Mid-September. Charlie called with news: another promotion. She's now Vice President of Operations at Vanderbilt Medical Center. Twenty-six years old and a VP. I called Walter Jr. and Marcus and Tyrone and told each of them because pride is not a private emotion in the Johnson family, it is a broadcast, a signal fire, a loud and public declaration that our people did something good and the world should know.
The fall route is gorgeous. The eastern half in September is everything I love about walking for a living: the temperature perfect, the light golden, the leaves just starting, the neighborhood alive with the energy of a new school year. I walk it knowing these are among my last Septembers on the route, and the knowledge makes every mailbox, every porch, every dog, every wave from a customer precious in a way that routine used to obscure. Routine hides beauty. Departure reveals it.
I made smoked meatloaf again — the genius meatloaf, as Rosetta calls it — because some inventions deserve repetition, and repetition is how an experiment becomes a tradition, and a tradition is just an experiment that worked so well people decided to do it forever.
Charlie’s promotion deserved a celebration that involved fire — something with smoke and heat and the kind of hands-on cooking that lets you stand outside in September air and feel exactly as good as the day has made you feel. The smoked meatloaf tradition Rosetta and I have built is exactly that kind of cooking, and these Meatball Shish Kabobs carry the same spirit: seasoned ground beef, shaped by hand, cooked over flame, passed around a table full of people who love each other loud. When the experiment works this well, you put it on a skewer and you do it again.
Meatball Shish Kabobs
Prep Time: 20 min | Cook Time: 15 min | Total Time: 35 min | Servings: 6
Ingredients
- 1 1/2 lbs ground beef (80/20)
- 1/3 cup plain breadcrumbs
- 1 large egg, beaten
- 2 cloves garlic, minced
- 1/4 cup finely diced yellow onion
- 1 tsp Worcestershire sauce
- 1 tsp smoked paprika
- 1/2 tsp cumin
- 1/2 tsp salt
- 1/4 tsp black pepper
- 1 red bell pepper, cut into 1-inch pieces
- 1 green bell pepper, cut into 1-inch pieces
- 1 medium red onion, cut into wedges
- 1 cup cherry tomatoes
- 2 tbsp olive oil
- Metal or soaked wooden skewers
Instructions
- Preheat the grill. Heat an outdoor grill or grill pan to medium-high heat (about 400°F). If using wooden skewers, soak them in water for at least 30 minutes beforehand.

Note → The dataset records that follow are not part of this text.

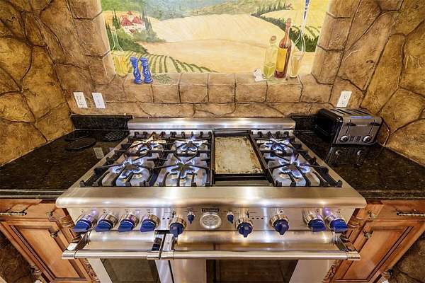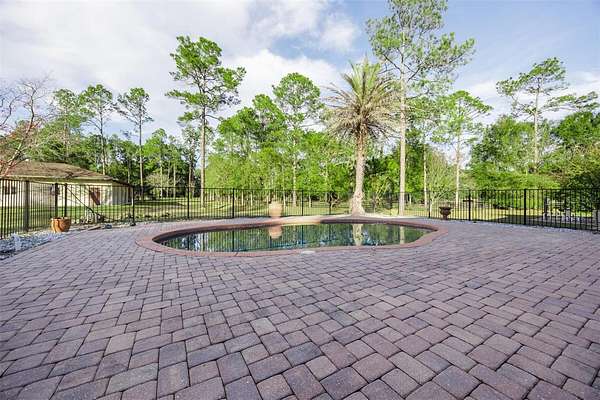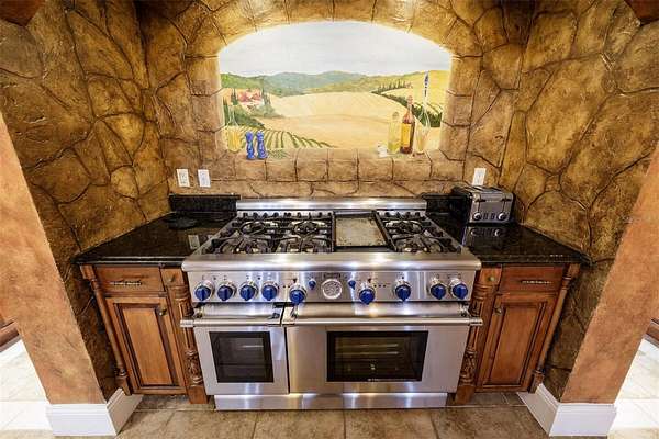 Extraordinary Mediterranean Revival estate set on 10 private acres, offering timeless architecture and refined craftsmanship. This over-7,000 sq ft residence welcomes you through a sweeping motor court with fountain, framed by classic stucco, clay barrel tile roofing, and deep arched loggias.The interior features expansive living spaces with soaring ceilings, stone flooring, rich wood accents, and abundant natural light with serene courtyard views. The chef's kitchen is designed for entertaining with custom cabinetry, an oversized island with seating, and striking pendant lighting. The primary suite is a private retreat with tray ceilings, a spa-inspired bath featuring dual vanities, a jetted soaking tub, and an oversized walk-in shower with rain head and multiple body sprays. Multiple custom walk-in closets with built-in cabinetry provide exceptional storage. Library, 3 car garage, and outdoor kitchen all add versatility to this unique property. Other outdoor amenities include an in-ground pool and a tranquil meditation pond, enhancing the property's resort-like feel. A separate approx. 1,800 sq ft guest house, along with horse stables and paddocks, completes this equestrian-ready estate--ideal for multi-generational living, guests, or staff. A rare offering combining architectural integrity, privacy, and lifestyle versatility.
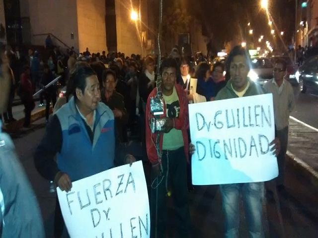 Los manifestantes, que marchan con una vela y carteles donde se leen frases como “fuerza doctor Guillén”, “estamos contigo”, entre otras, se desplazan por las calles San José, Moral, Santa Catalina y Puente Grau.
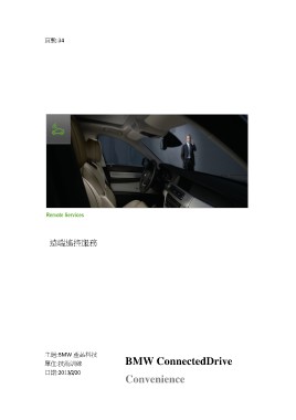 頁數:34 遠端遙控服務 BMW ConnectedDrive Convenience 主題:BMW 產品科技 單位:技術訓練 日期:2013/2/20
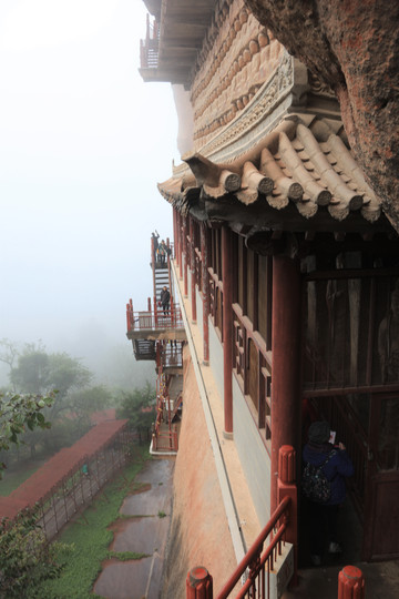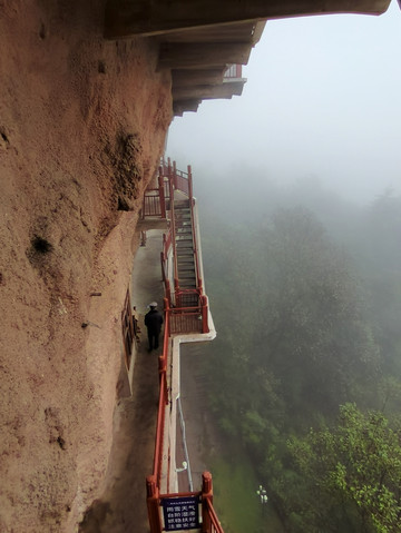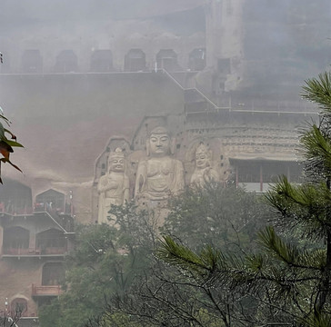 “麦积烟雨”,为秦州八景之首,每当夏秋之季阴雨霏霏或雨后初晴,山岚缭绕、烟雨蒙蒙,麦积奇峰时隐时现,呈现出“麦积烟雨”之景观。此种醉人美景虽然难得一见,却让我们赶上了,可见运气不错。烟雨笼罩,横云飞渡,犹如进入海市蜃楼般的幻景。
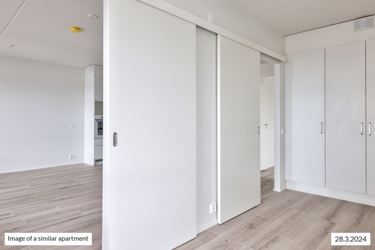 The floors of the living rooms are made of light oak-coloured laminate, and the walls are painted white. The windows have light-coloured venetian blinds and double-track curtain rails. All homes have a glazed balcony and a provision for your own air source heat pump on the balcony. The kitchen cabinets are white laminate, and the worktop is textured steel with a lively surface. The backsplash is protected with a white panel. Kitchens are equipped with either a 50 or 60 cm wide induction hob, a fridge-freezer or separate fridge and freezer, and a 45 or 60 cm wide dishwasher. The appliances are white. The cabinets also have a designated space for a microwave. The bathroom features SATO Kide range white solid laminate furniture made in Finland, as well as a shower wall and/or shower curtain. The wet room walls have large, white ceramic tiles, with smaller grey tiles on the floors. The saunas are wood-panelled. The bathroom has space for your own washing machine and tumble dryer. The tile floors in the bathrooms and saunas have underfloor heating.
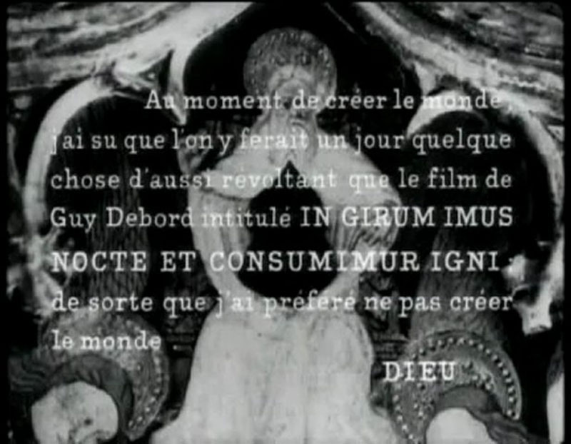 Ce que ce film détruit donc, c’est la perspective temporelle développée par le dispositif de la conscience, dans laquelle s’est déployée l’historie de la pensée, celle du christianisme en particulier et qui surtout sert de légitimation à la société spectaculaire
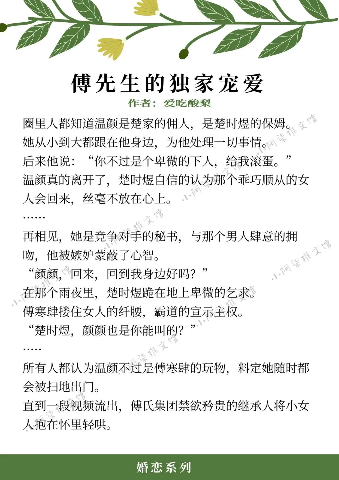 ❖《傅先生的独家宠爱》作者:爱吃酸梨(温柔坚韧小保姆vs深情霸道总裁,先婚后爱,久别重逢,暗恋成真,追妻火葬场)
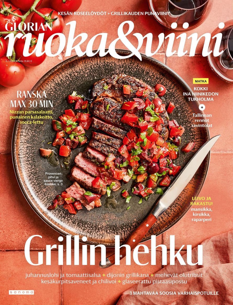 Provencen grillipihvi ja sauce vierge, Dijonin grillikana sekä kesäkurpitsaveneet ja chilivoi. Glorian ruoka & viini tuo grillikesään ripauksen Etelä-Ranskan hehkua!
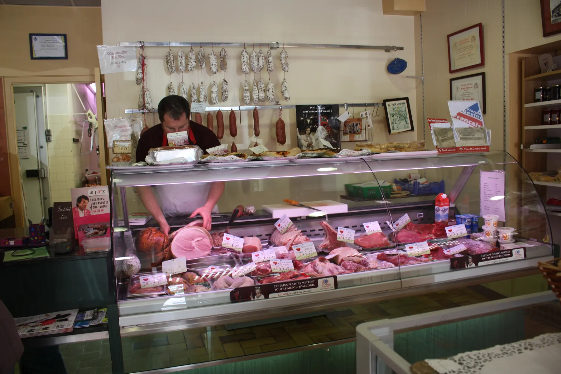Butcher's shop, delicatessen, caterer, poulterer.
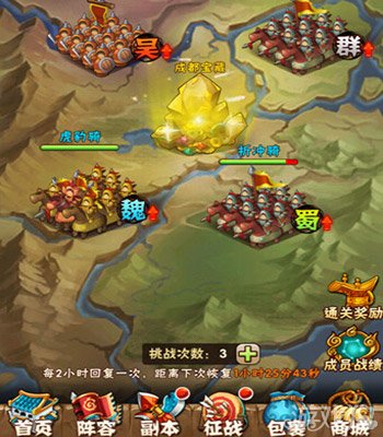今天小编给玩家们带来的是少年三国志宝藏技巧和三国无双玩法心得,在这里我为大家提一点我抽取关卡宝藏的技巧,我尝试了几次一下,少年们尽量点中间的宝藏,宝藏掉落资源多的几率会大很多。闯关章节的时候,少年们会发现分成四大阵营,例:假如我玩的是魏国,我会选择攻打虎豹骑,这样上阵魏将,可额外造成50%的伤害。
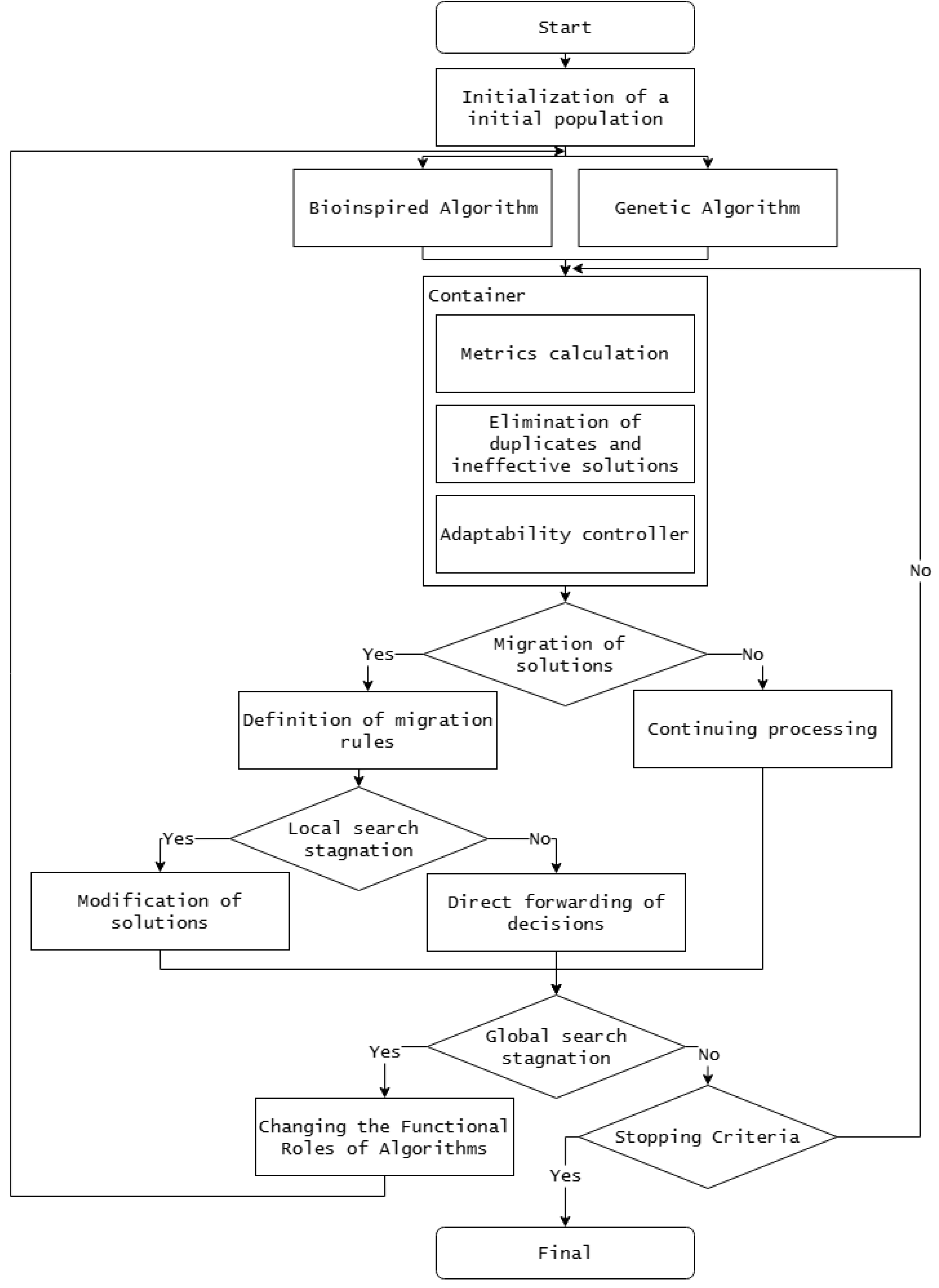 Analyzing the presented architecture, we will describe the main stages. At the first stage, the initial populations are initialized, after which two complementary components are launched in parallel: a genetic algorithm that implements evolutionary parameter refinement, and a bio-inspired algorithm that ensures the generation and diversification of a set of solutions. Information exchange between algorithms is carried out through a universal container that accumulates intermediate results, calculates metrics, excludes duplicate and ineffective solutions, and forms control signals for the adaptability controller.
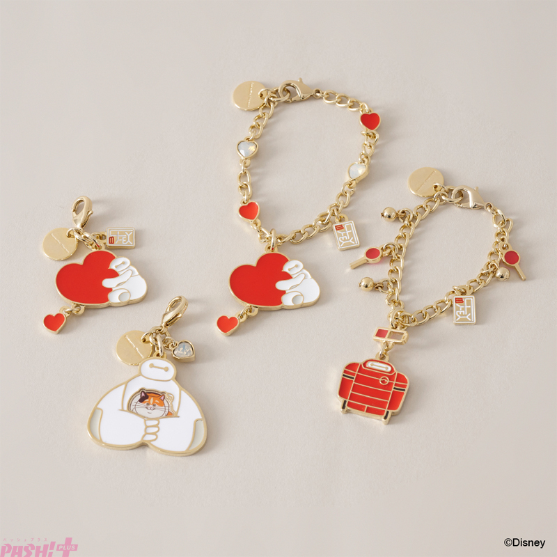 「ベイマックス」が「モチ」をギュッと抱きしめている様子やハートを抱きしめる「ベイマックス」、充電中の「ベイマックス」の姿をチャームにデザイン。ハートのビジューモチーフやバッテリーモチーフなど、チェーン部分の細かなデザインにも大注目。愛あふれるモチーフがあたたかい気持ちにしてくれる。同シリーズのバッグや小物との組み合わせも楽しんで。
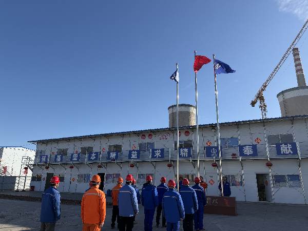 升旗仪式结束后,项目经理发表讲话,话语铿锵有力、催人奋进。此次升国旗仪式,既是对祖国繁荣昌盛的诚挚祝福,更是一次深刻的精神洗礼和思想动员,旨在进一步激发全体人员的爱国热情和工作斗志。当前,国电大同项目正处于工程推进的关键攻坚阶段,虽面临诸多考验,但全体人员始终坚守岗位、攻坚克难、奋勇争先,用实干诠释责任、用担当书写使命。他希望全体管理人员以此次升旗仪式为新的起点,将满腔爱国热情转化为攻坚克难、干事创业的实际行动,严格恪守工程质量、安全、进度底线,秉持精益求精的工匠精神,细化工作举措、严把细节关口,全力以赴推进项目建设,为实现“绿色煤电”发展目标添砖加瓦、贡献力量。
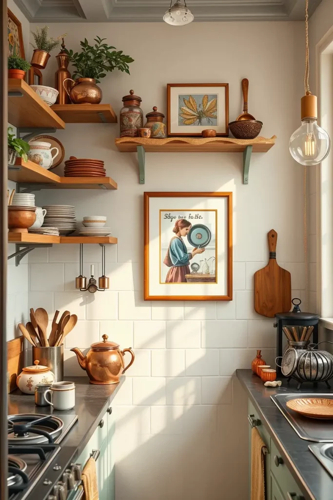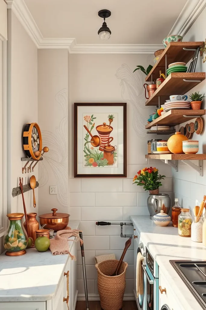 I styled kitchens with vintage botanical prints or fun food-themed illustrations and it never fails to start a conversation. Architectural Digest remarks that artwork in utility areas like kitchens turns them into fully designed rooms, not just functional areas.
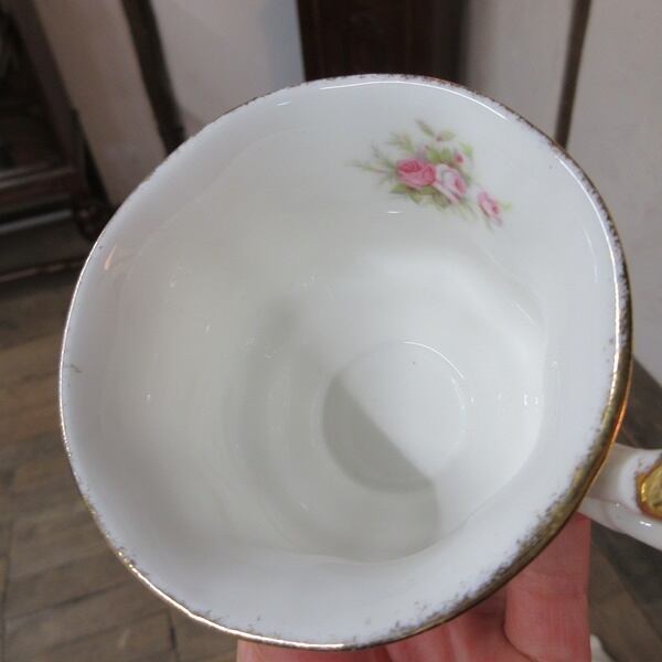 ぼかしの金彩とピンクのミニバラが華やかで心惹かれるお品です。ティーカップの形はスマートなエリザベザンシェイプです。
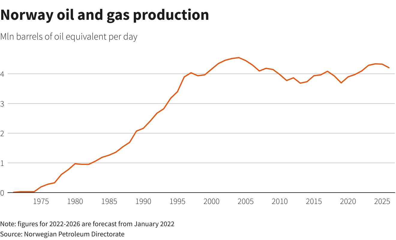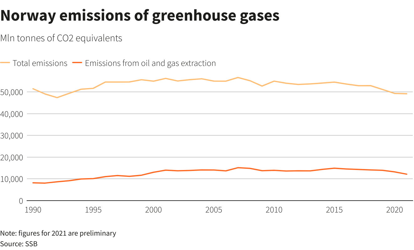Norway, western Europe's largest petroleum producer, aims to reduce its emissions of greenhouse gases by 55% by 2030 from 1990, but as of 2021 the reduction achieved was only 4.5%, preliminary official statistics showed.
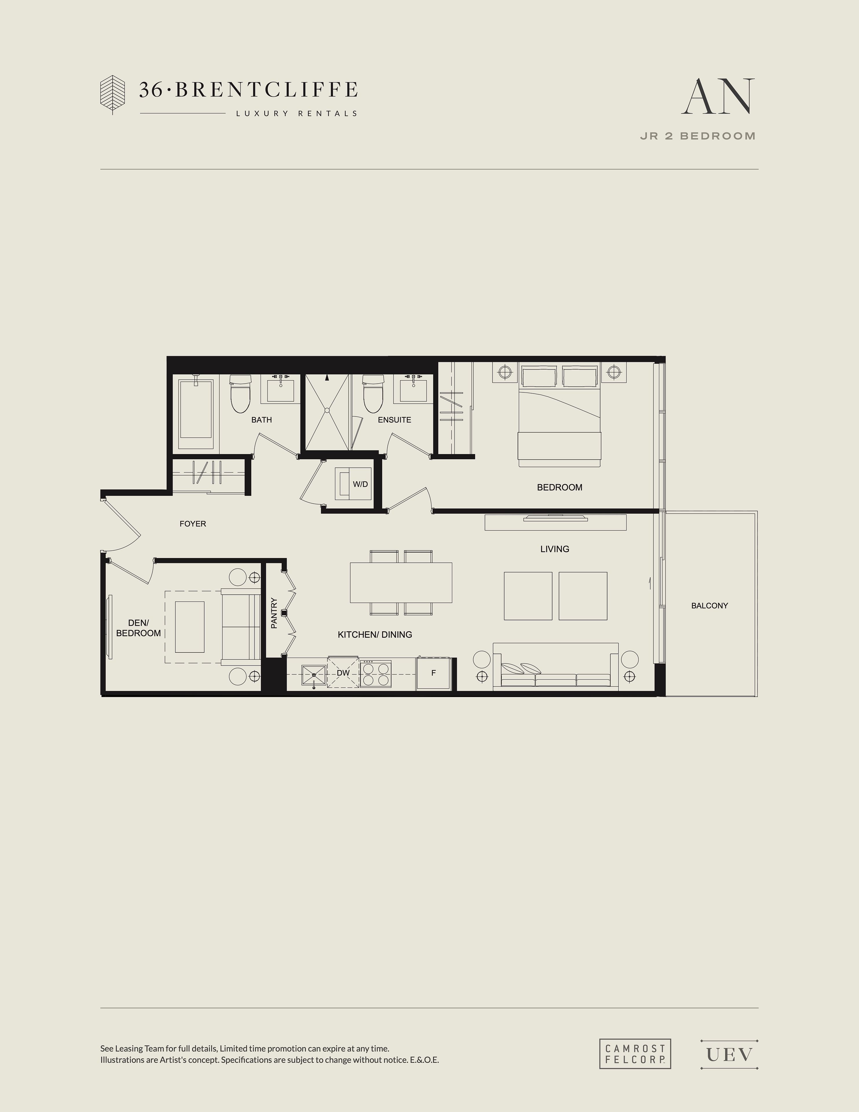 • Luxurious junior 2 bed, 2 bath with high-end finishes throughout.
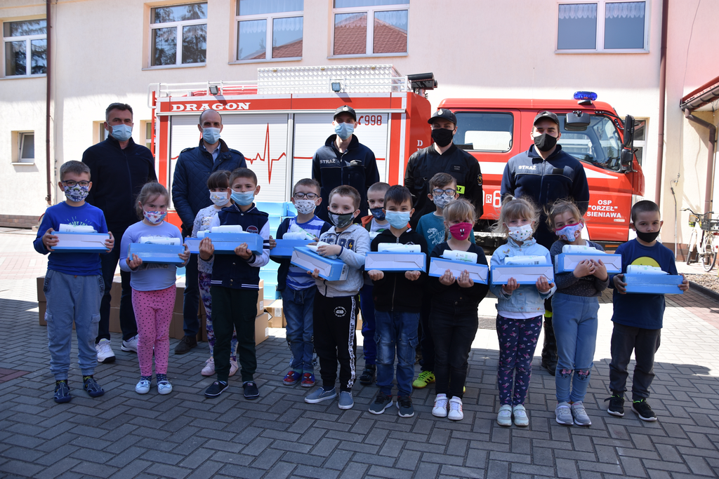 Dziękujemy także naszym nieocenionym strażakom z OSP KSRG Sieniawa, druhom Erykowi Szpilce, Kacprowi Ciurko i Maciejowi Pucyło oraz komendantowi miejsko-gminnemu ZOSP RP Erykowi Ceglakowi, którzy pracowali przy dystrybucji środków.
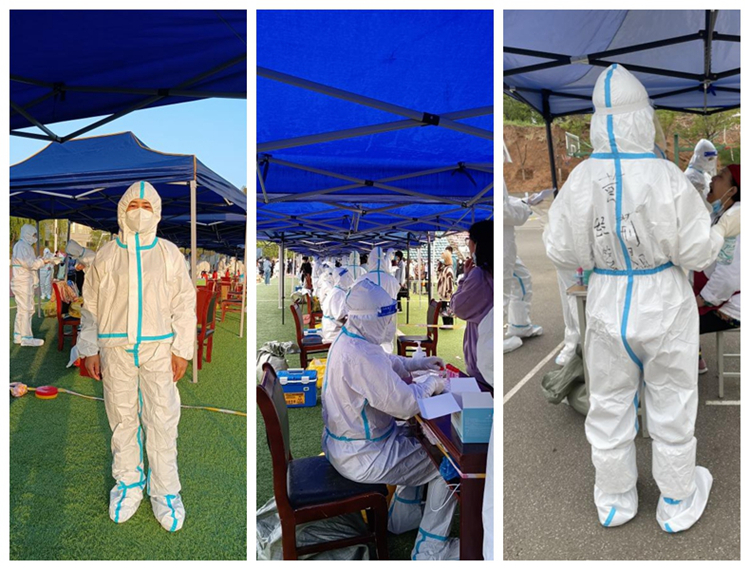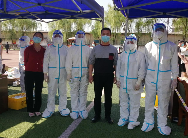 做好志愿服務,發(fā)揮先鋒作用。在學校大操場,鄧淑紅、楊鵬飛、李娜娜等教師身穿防護服,克服酷暑,連續(xù)參與全校學生核酸檢測任務;在學校小操場,黃荊晶、周方舟、丁燕琳等教師引導廣大教職工有序排隊、信息錄入、掃碼測溫;南院家屬區(qū),郭磊磊老師指導幫助退休教職工和年長家屬掃碼、填報相關個人信息;青年教師公寓檢測區(qū)采樣點,王程老師協(xié)助采樣工作人員開展測溫、清理工作臺、現(xiàn)場消殺。

- Mix the meatballs. In a large bowl, combine ground beef, breadcrumbs, egg, garlic, diced onion, Worcestershire sauce, smoked paprika, cumin, salt, and pepper. Mix gently with your hands until just combined — do not overwork the meat.
- Form the meatballs. Roll the mixture into balls roughly 1 1/2 inches in diameter (about the size of a golf ball). You should get 24–28 meatballs.
- Prep the vegetables. Toss the bell pepper pieces, red onion wedges, and cherry tomatoes with olive oil and a pinch of salt.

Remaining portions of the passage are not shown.